Personal information
- Born: 9 September 1970 (age 55) Uherské Hradiště, Czechoslovakia

Chess career
- Country: Czech Republic
- Title: Grandmaster (1993)
- FIDE rating: 2525 (August 2026)
- Peak rating: 2646 (October 2014)
- Peak ranking: No. 20 (January 1996)

= Zbyněk Hráček =

Czech chess grandmaster (born 1970)

Zbyněk Hráček (born 9 September 1970) is a Czech chess grandmaster.

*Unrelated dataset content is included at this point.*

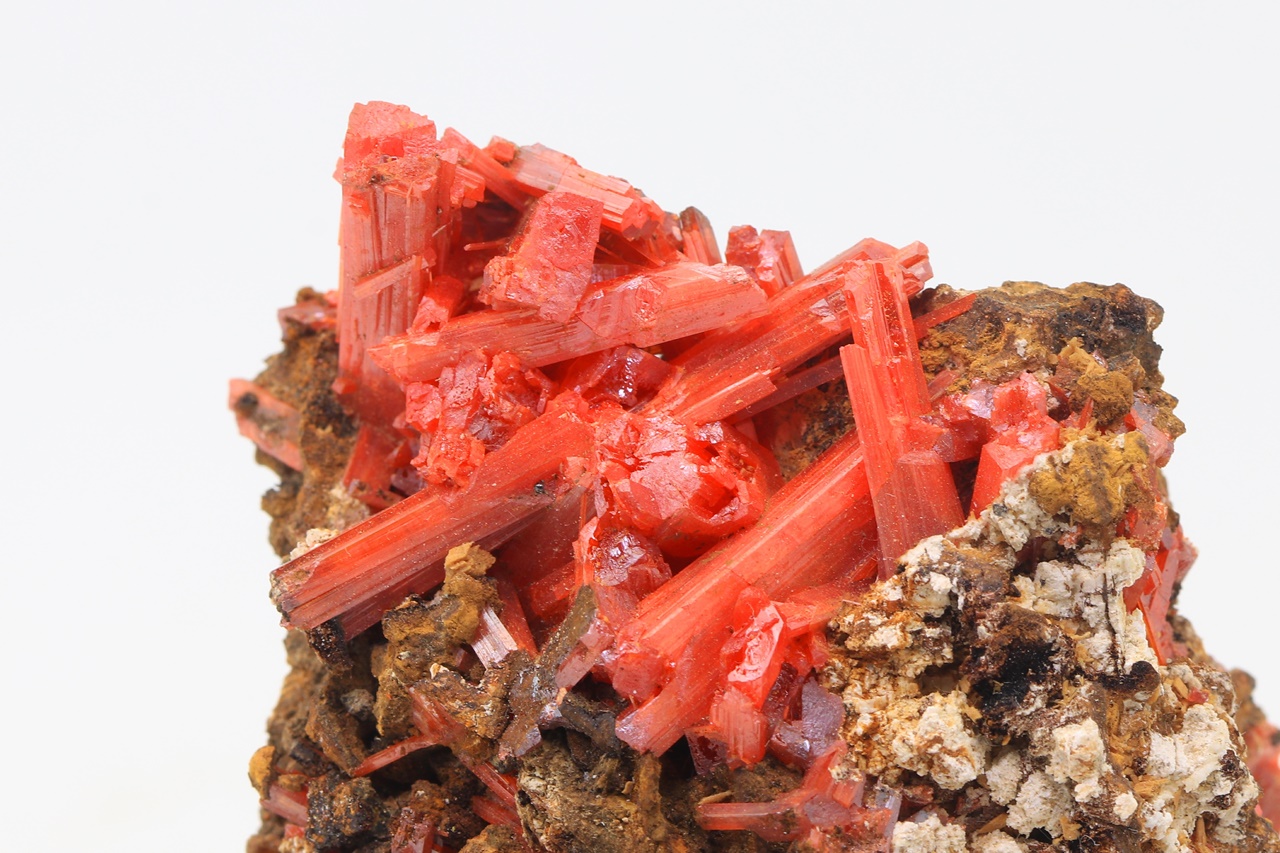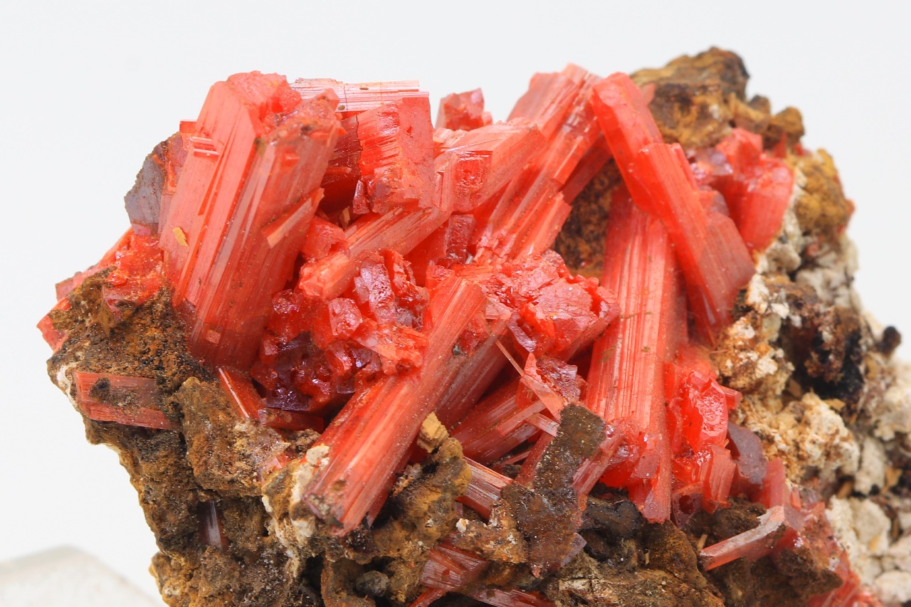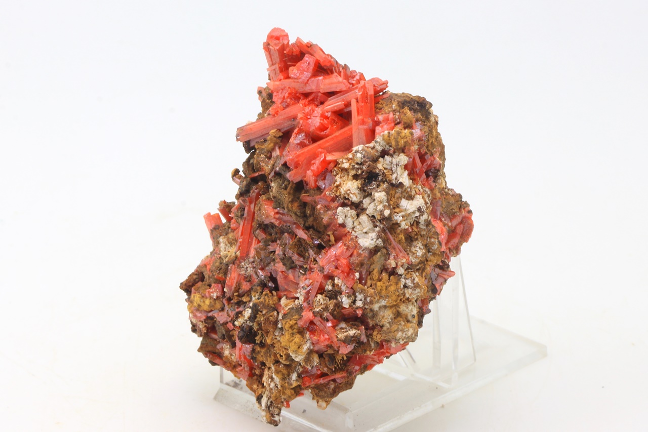 Aesthetic sample of well-defined, orange-red crocoite crystals. The largest crystal is 37 mm in size.

He was Czech Chess Champion in 1994, won the Zonal tournament Odorhea 1995 and the tournaments Pardubice (Open) 1993, Altensteig 1995 and Lippstadt 2000.
== Career ==
Hráček played for Czechoslovakia at the Chess Olympiads of 1990 and 1992, and for the Czech Republic at the Olympiads of 1994, 1996, 2000, 2002, 2004, 2006, 2008, 2010, 2012, and 2014 and in the European Team Chess Championships of 1997, 1999, 2003, 2005 and 2007.

In 1996 (January - June list), Hracek was in the Elo Top Twenty of the world and the leading Czech player. In the November 2009 FIDE list, he has an Elo rating of 2624, making him the Czech Republic's number three.